Downscaling

Downscaling#

To downscale a super-category (for example, regional data) to sub-categories (for example, country-level data in the same region), the xarray.DataArray.pr.downscale_timeseries() function is available. It determines shares from available data points, then does downscaling for years where full information is not available.

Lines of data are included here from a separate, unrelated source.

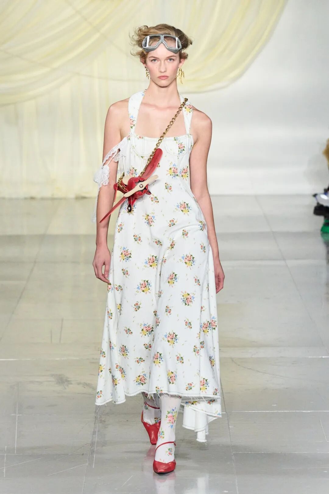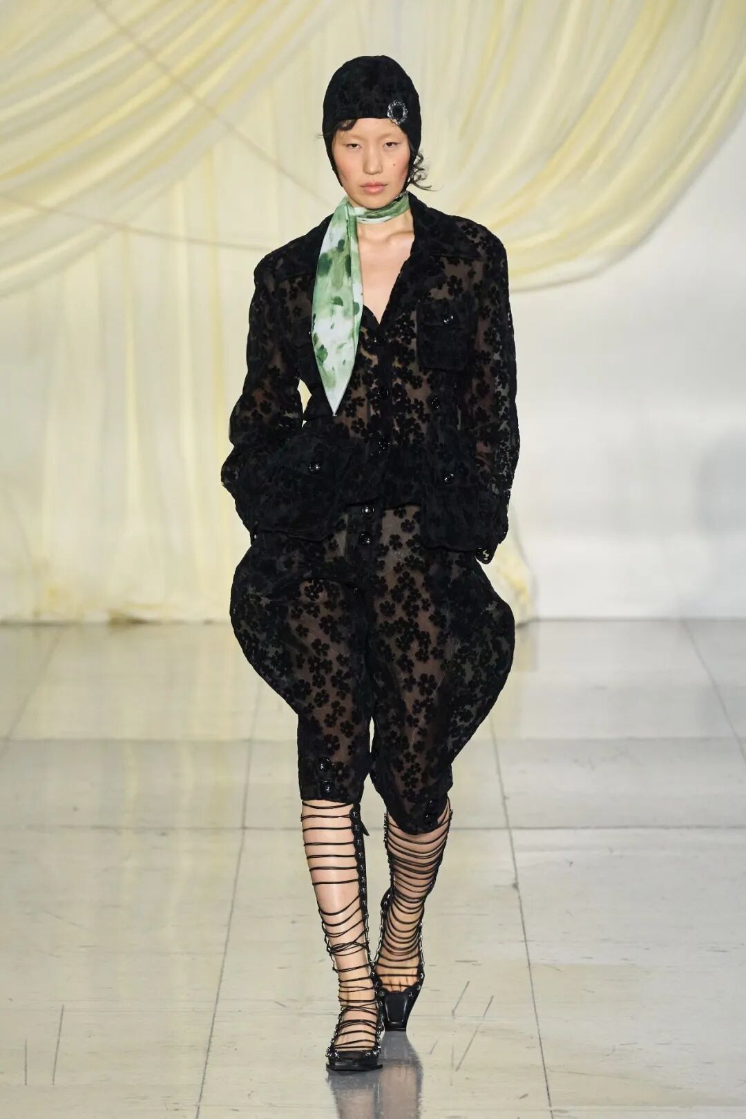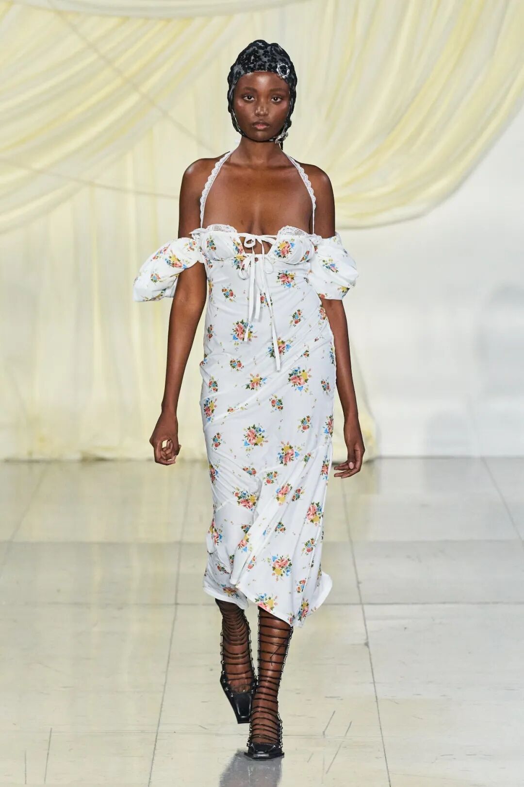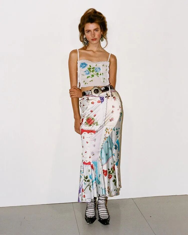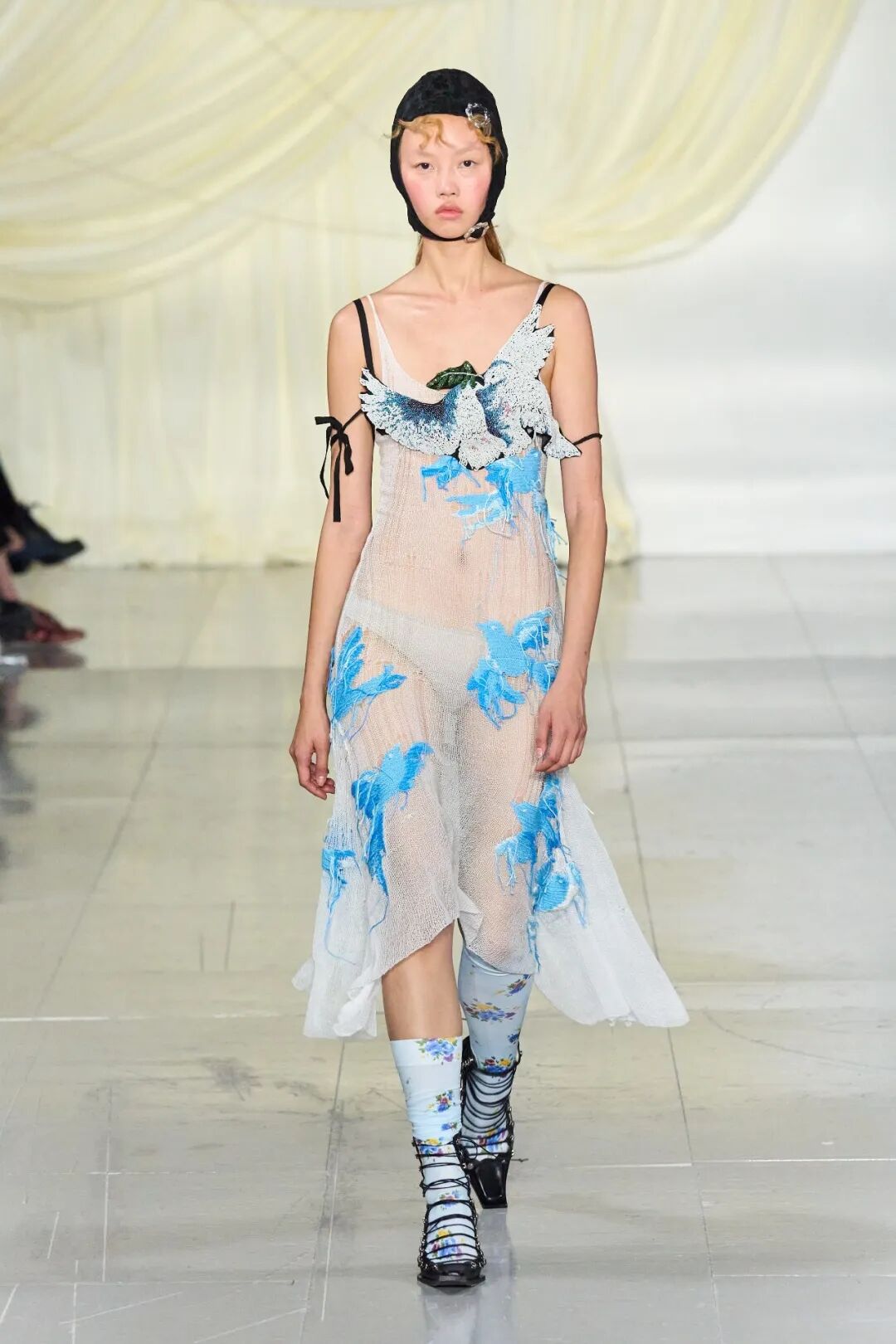 飞行员头盔般的头饰配以透视丝质面料,降落伞背包元素结合花卉印花连衣裙,以及在荷叶褶皱、印花拼接、维多利亚时代的束腰上衣中,引入一丝军事参考,Yuhan将两种截然不同的女性气质融合,在刚毅与柔美的碰撞中呈现出独属于Yuhan Wang的浪漫活力。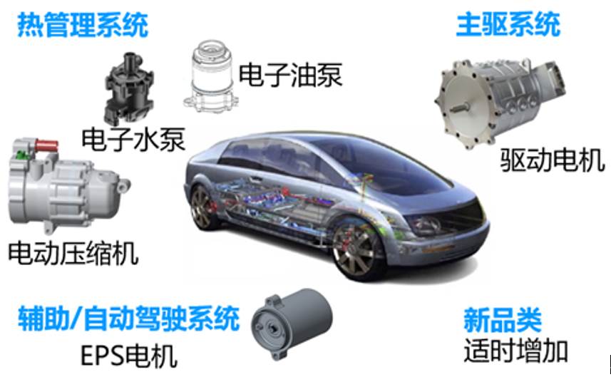 沖破過去半個多世紀的“燃效”時代,2021年被定為“電效”的元年。無論長期的汽車電驅化,還是中短期的汽車混合動力化,包括電子水泵、EPS電機、輕混48V電機、電動空調壓縮機、電動坐椅調節等在內都是電機化的。核心機電部件像人體的心臟一樣,是機器的靈魂與動力源。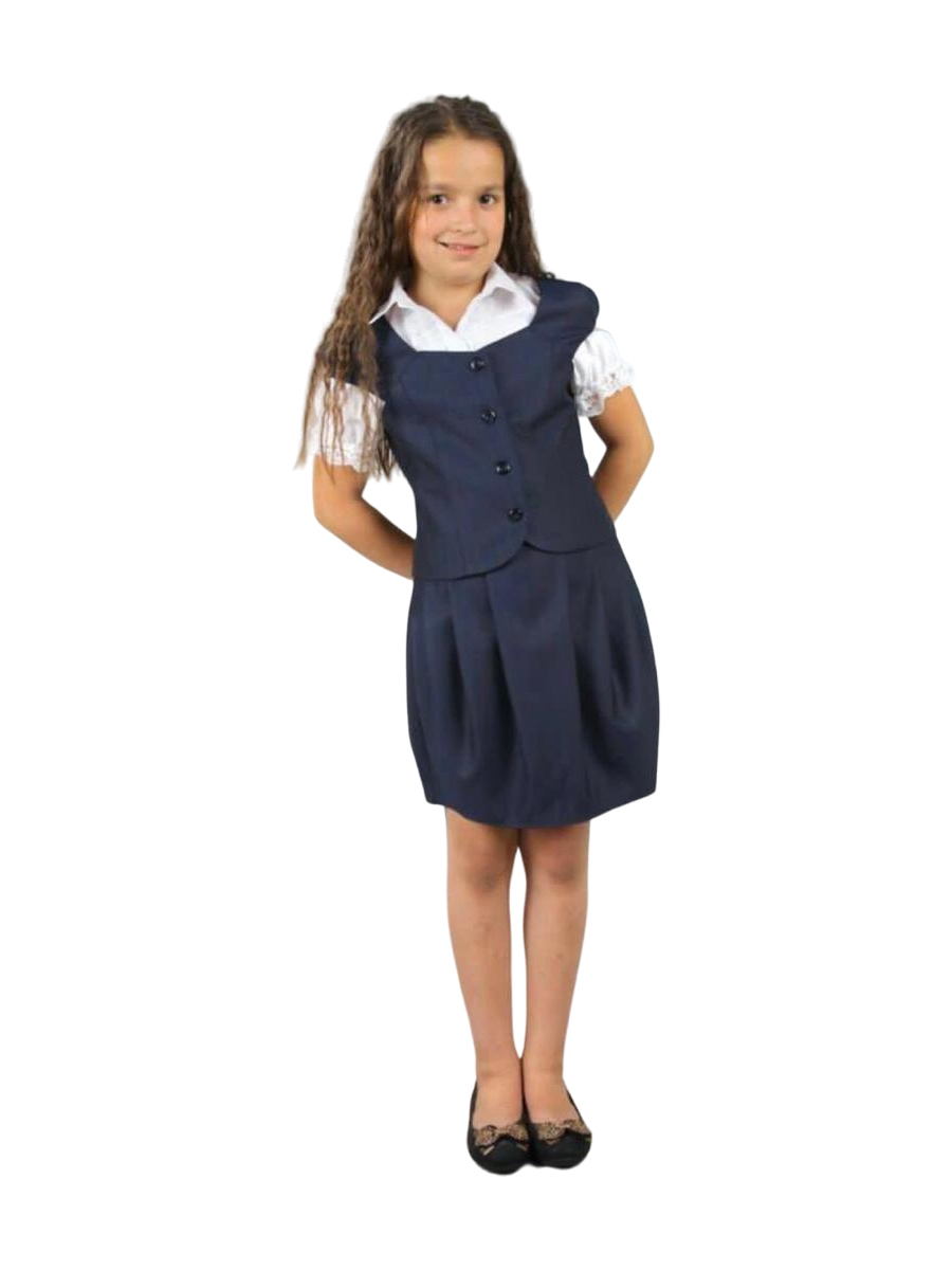Строгий и в то же время стильный школьный костюм для девочки серого цвета сочетает в себе элегантность и практичность, костюм прекрасно подойдет для торжественных мероприятий и ежедневных школьных занятий. Юбка прямая со складками, приталенный жилет на ряде пуговиц с широким вырезом на горловине.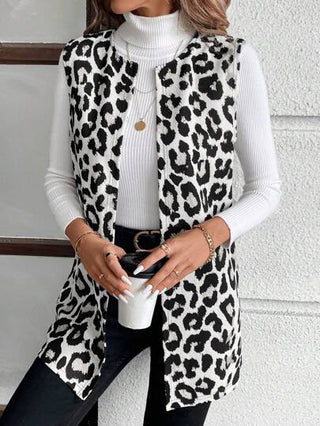 LUNE كارديجان مرقط بطبعة نمر كلاسيكي بدون أكمام للنساء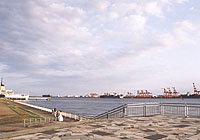 テレコムセンター21階の展望台へ(¥500)。日曜だが人が少ない、穴場的スポットだ。 人が少なすぎて何となく不安になるほどだが、ここから見える景色は素晴らしい。 南のコンテナ群や、対岸の羽田空港から飛行機が飛び立つ様子。風力発電用の風車。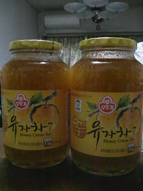 | 先日新大久保でゲットしたはちみつ柚子茶〜 この時期欠かせないのだ……体が温まるし、ビタミンもとれるし、HotでもIceでも 美味しい 夜は焼酎入れたりウイスキー入れたり…… しかもこれは1kg入り〜!超お徳です。 ただ重いので、一度に沢山買えないの…みんなにあげたいのに〜 ![]() 1kg柚子茶ゲット〜! |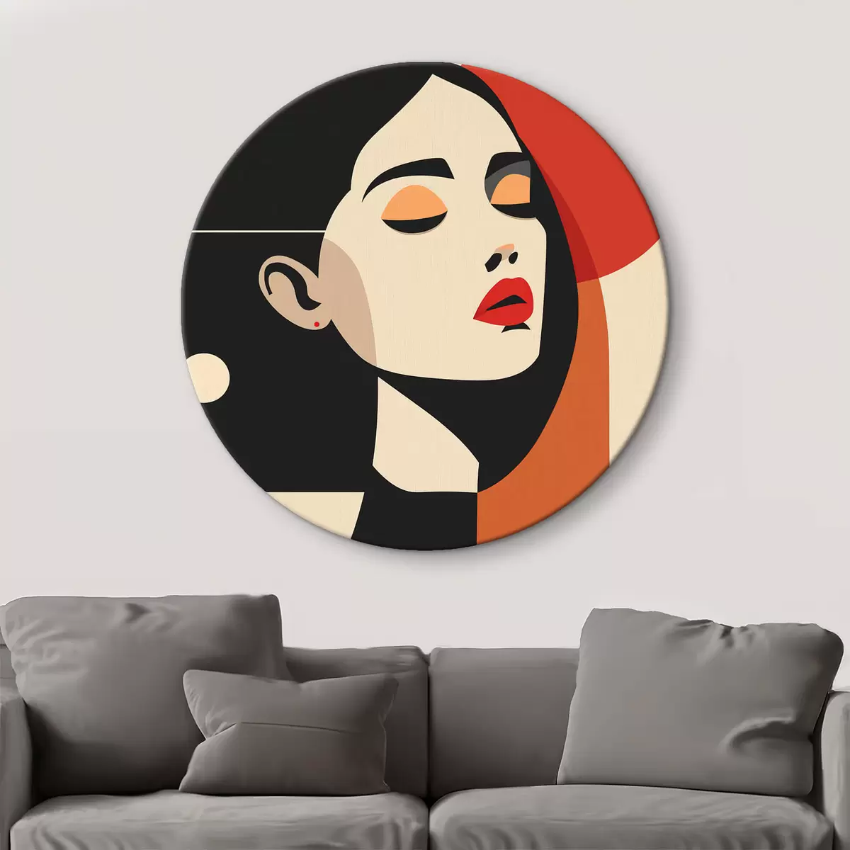 Okrągły obraz Abstrakcyjny portret kobiety w stylu Bauhaus Nr r45166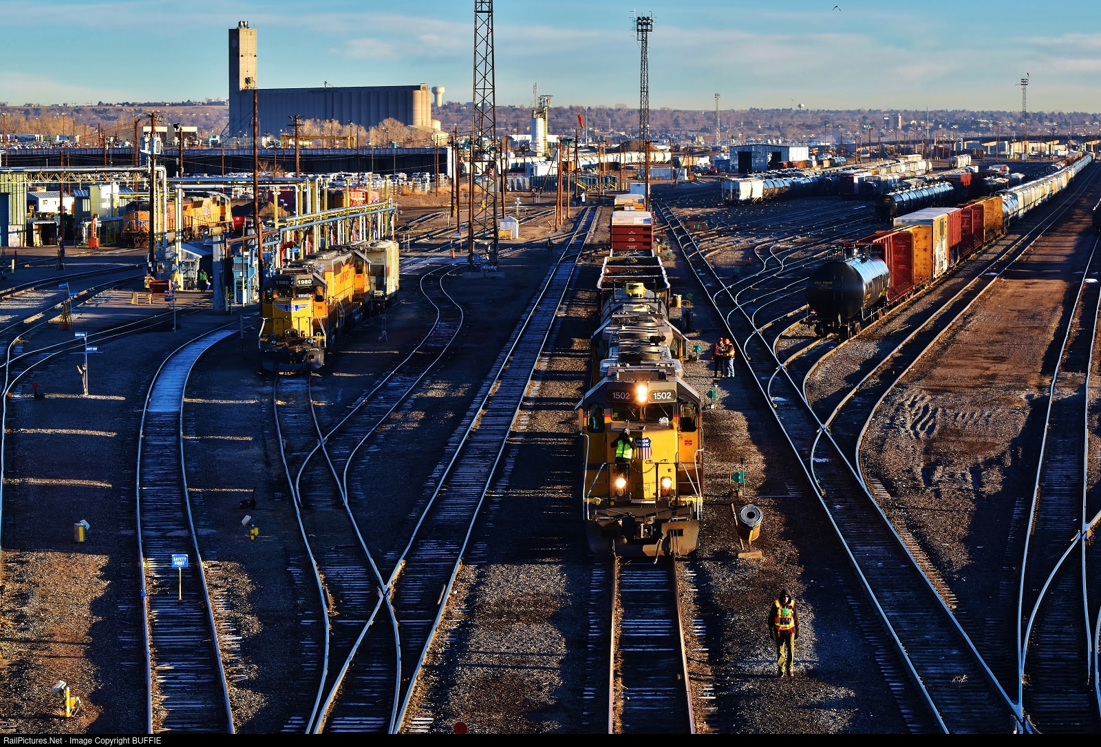 | Long shadows from a bright sunrise surround UP 1502 (GP40M-2) as it moves a cut of cars in the Union Pacific's North Yard in Denver, Coloradol

Let’s first create an example dataset with regional data and some country data missing.

Hide code cell content
# setup logging for the docs - we don't need debug logs
import sys
from loguru import logger

logger.remove()
logger.add(sys.stderr, level="INFO")
1
import primap2
import numpy as np
import xarray as xr

# select an example dataset
da = primap2.open_dataset("../minimal_ds.nc")["CO2"].loc[{"time": slice("2000", "2003"), "source": "RAND2020"}]
da.pr.to_df()
/home/docs/checkouts/readthedocs.org/user_builds/primap2/envs/stable/lib/python3.12/site-packages/xarray/core/variable.py:341: UnitStrippedWarning: The unit of the quantity is stripped when downcasting to ndarray.
  data = np.asarray(data)
area (ISO3) COL ARG MEX BOL
time
2000-01-01 0.663520 0.916832 0.106387 0.614163
2001-01-01 0.338225 0.682339 0.739539 0.790577
2002-01-01 0.114091 0.250728 0.850449 0.408739
2003-01-01 0.801477 0.852096 0.715213 0.080313
# compute regional data as sum of country-level data
temp = da.sum(dim="area (ISO3)")
temp = temp.expand_dims({"area (ISO3)": ["LATAM"]})
# delete data from the country level for the years 2002-2003 (inclusive)
da.loc[{"time": slice("2002", "2003")}].pint.magnitude[:] = np.nan
# add regional data to the array
da = xr.concat([da, temp], dim="area (ISO3)")
da.pr.to_df()
/home/docs/checkouts/readthedocs.org/user_builds/primap2/envs/stable/lib/python3.12/site-packages/xarray/core/variable.py:341: UnitStrippedWarning: The unit of the quantity is stripped when downcasting to ndarray.
  data = np.asarray(data)
area (ISO3) COL ARG MEX BOL LATAM
time
2000-01-01 0.663520 0.916832 0.106387 0.614163 2.300903
2001-01-01 0.338225 0.682339 0.739539 0.790577 2.550680
2002-01-01 NaN NaN NaN NaN 1.624007
2003-01-01 NaN NaN NaN NaN 2.449099

As you can see, for 2000 and 2001, country-level data is available, but for later years, only regional (“LATAM”) data is available. We now want to extrapolate the missing data using the shares from early years and the regional data.

# Do the downscaling to fill in country-level data from regional data
da.pr.downscale_timeseries(
    basket="LATAM",
    basket_contents=["BOL", "MEX", "COL", "ARG"],
    dim="area (ISO3)",
)
<xarray.DataArray 'CO2' (time: 4, area (ISO3): 5)> Size: 160B
<Quantity([[0.66352018 0.91683183 0.10638745 0.61416341 2.30090286]
 [0.33822533 0.68233863 0.73953851 0.79057726 2.55067973]
 [0.21534665 0.43444215 0.47086107 0.50335724 1.62400712]
 [0.32475546 0.65516441 0.71008629 0.75909242 2.44909858]], 'CO2 * gigagram / year')>
Coordinates:
  * area (ISO3)  (area (ISO3)) object 40B 'COL' 'ARG' 'MEX' 'BOL' 'LATAM'
  * time         (time) datetime64[ns] 32B 2000-01-01 2001-01-01 ... 2003-01-01
    source       <U8 32B 'RAND2020'
Attributes:
    entity:   CO2

For the downscaling, shares for the countries at the points in time where data for all countries is available are determined, the shares are inter- and extrapolated where data is missing, and then the regional data is downscaled using these shares.